The champion of all cetaceans in the area we would argue! On the west coast, we have a unique group of orcas, however, their existence is also a sad one. From studies, 8 individuals belong to this pod, but unfortunately, there are only a couple who have been seen in recent years. The biggest in the pod is John Coe, a bull of over 9m long who is a hugely impressive individual! With the unfortunate demise of Lulu in 2018, the results from the necropsy showed her tissues were so polluted with heavy metals that her carcass had to be disposed of as toxic waste. These orca prey on a mixture of seals and small cetaceans, feeding on animals that are near the top of the food chain and individually already also have a high dose of contamination. This process is called bio-accumulation and since these toxins are present in the ecosystem through human industrial legacy, there is very little we can do about it. You need to be in the right place at the right time to come across these orca, they aren’t the animal that you go out and look for. Some people that have worked on boats in these parts all their lives have never seen them! They are dying out and will probably be extinct in our lifetime, so if you are lucky enough to see them, then you are truly privileged!

Risso’s Dolphins

Risso’s are perhaps the most obscure-looking dolphin that we see, in that they look quite different from the others. Their bodies have lots of scarring and their heads are quite different from the beaked head of the bottlenose and common dolphins. Their large dorsals can be spotted from a distance and they can be very acrobatic, but they can be shy too.

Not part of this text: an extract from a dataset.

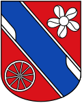 | Wappen von Altenmarkt bei St. Gallen : Im roten Schild ein blauer Schrägrechtsbalken, gesäumt von je einem silbernen Ruder mit einwärts gekehrtem Blatt, wobei das Blatt des oberen Ruders an den hinteren, das Blatt des unteren Ruders an den vorderen Schildrand stößt; oben erscheint eine fünfschaufelige silberne Turbine, unten ein silbernes Wagenrad. | Ursprung unbekannt Unknown source file: Eigenes Werk | Autor/-in unbekannt Unknown author file: Amada44 , | Datei:AUT Altenmarkt bei St. Gallen COA.svg | |

They are a large species and grow to nearly the same size as the bottlenose dolphins – just shy of 4m long. It’s only in the last couple of years, we have had more sightings of them around Coll & Tiree, as for many years we had no sightings whatsoever with them being more well know around Lewis. They are better known for inhabiting deeper water where they dive to the depths to hunt. Our sightings of them during the summer have been in shallower water, and they are usually in large pods.

Because five just isn’t enough, here are a couple of extra very rare sightings, wo incredible species to see! 

Humpback Whale

It does seem a shame to leave them out of the main list as they are super awesome animals! But they are seen so rarely by us around the Inner Hebrides, then it’s only fair they shouldn’t be in the top 5. Humpbacks do come past the west coast on their migrations, and we would most likely encounter them out in the islands. However, the rare times we’ve seen them have been around the Oban coast, once when one ended up in the marina where we keep out boats, the other time just off Kerrera! Thankfully on both occasions, they made their way out to sea unharmed! We have since had two incredible sightings of humpback whales in the Hebrides, putting on amazing displays of feeding behaviour, a really lucky day for those on board.